Она толкнула толстым ботинком дверь парадного и ушла. Я слышал, как она топала, поднимаясь по лестнице и задевая лыжами за стену. А потом где-то глухо хлопнула дверь и стало тихо.
Я уже миновал дом, когда из парадного выскочила черная лохматая собачонка, чуть побольше кошки. Вслед за ней появился маленький старичок в ушанке и высоких белых валенках с галошами. Бородка у него точь-в-точь как на портрете кардинала Ришелье из учебника истории. Собака обнюхала мои туфли и побежала к квадратной урне.
— Это вы, Сережа? — моргая, спросил старичок.
— Меня зовут Петя, — ответил я и зашагал прочь.
— Где ты, Лимпопо? — спросил старичок.
Лимпопо, подняв ногу у зеркальной витрины будущего магазина, бесстыдно нарушал постановление горсовета о чистоте и порядке в городе.
Я остановился на мосту и стал смотреть на Широкую. Этот большой бетонный мост много лет назад построил мой отец… Я погладил чугунную с завитушками решетку. Она холодила руки.
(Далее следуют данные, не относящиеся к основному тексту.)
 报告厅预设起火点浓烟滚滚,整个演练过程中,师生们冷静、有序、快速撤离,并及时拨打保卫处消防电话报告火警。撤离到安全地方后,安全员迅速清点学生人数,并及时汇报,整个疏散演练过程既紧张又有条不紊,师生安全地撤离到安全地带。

Широкая рассекала город на две части. Верхняя называлась Крепостью, нижняя — Самарой. Почему Крепостью — ясно. Там, где кончается парк и берег круто взбирается вверх, на валу стоит петровская крепость, от которой, правда, сохранилась одна полуобвалившаяся стена. А вот почему нижнюю часть называют Самарой, не знаю.
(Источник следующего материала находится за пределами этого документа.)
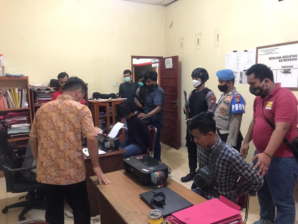 Tidak lama kemudian piket fungsi Sat Reskrim dan Sat Intelkam keluar dari ruang SPKT dan berlari ke arah TKP lalu memborgol dan memeriksa isi tas yg dibawa oleh Pelaku. Selanjutnya Pelaku yang telah diamankan di TKP oleh piket siaga Reskrim digiring menuju ruang pemeriksaan Sat Reskrim.
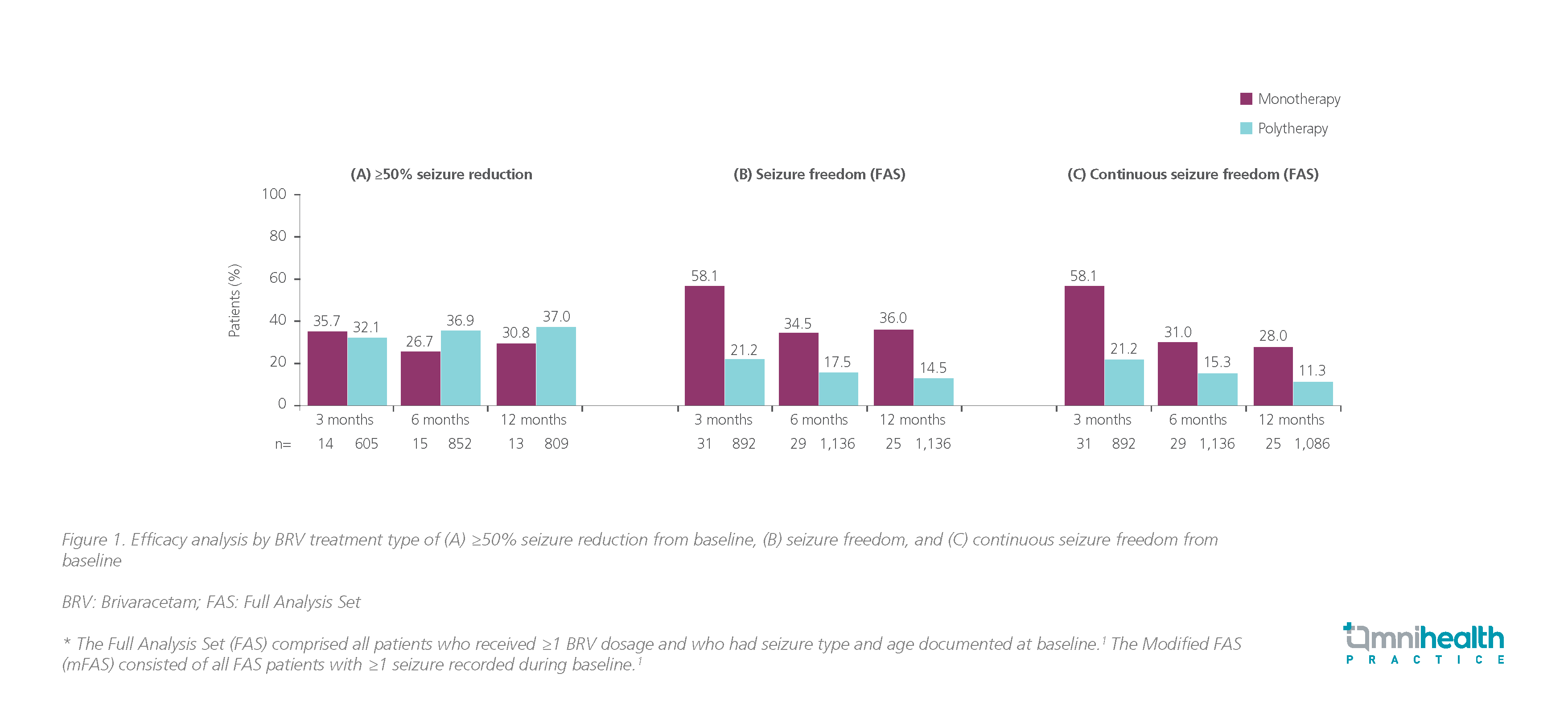 The EXPERIENCE/EPD332 study assessed the effectiveness and tolerability of BRV in patients with epilepsy by the number of prior ASMs and BRV treatment type. Of 1,644 patients included in the treatment type study, at 3, 6 and 12 months, compared with polytherapy patients, monotherapy patients had numerically higher seizure freedom (58.1% vs. 21.2%, 34.5% vs. 17.5%, 36.0% vs. 14.5%, respectively, p-value not available) and continuous seizure freedom rates (58.1% vs. 21.2%, 31.0% vs. 15.3%, and 28.0% vs. 11.3%, respectively, p-value not available), indicating patients with epilepsy receiving BRV monotherapy responded more effectively, although clinically meaningful continuous seizure freedom was also observed in the polytherapy patients.1 There were no discernible numerical differences in ≥50% seizure reduction at 3, 6 and 12 months between monotherapy and polytherapy patients (35.7% vs. 32.1%, 26.7% vs. 36.9%, and 30.8% vs. 37.0%, respectively) (figure 1).1

Скоро должен тронуться лед. Глубокая коричневая тропинка перечеркнула Широкую, но люди уже не ходят по ней. На тропинке выступила желтая талая вода. У берегов лед совсем тонкий и прозрачный. Брось камень, и кромка обломится. Я люблю смотреть, когда лед идет. По моим приметам, лед тронется дня через три-четыре. В первой половине апреля. Я слышу, как шевелится, набирает силу подо льдом Широкая. Если долго смотреть на синеватый лед, то можно разглядеть под ним каменистое дно…
Кто-то ладонями закрывает мне глаза. Ладони теплые, мягкие. У меня вдруг мелькает мысль, что это девчонка в котиковой шапке. Ольга Мороз… Мое ухо щекочет горячее дыхание. Я молча отвожу эти теплые ладони и слышу:
— Дамский угодник…
Это Марина. Она делает вид, что сердится. Лицо мокрое, шерстяной красивый шарф весь в мелких каплях. Я обнимаю ее.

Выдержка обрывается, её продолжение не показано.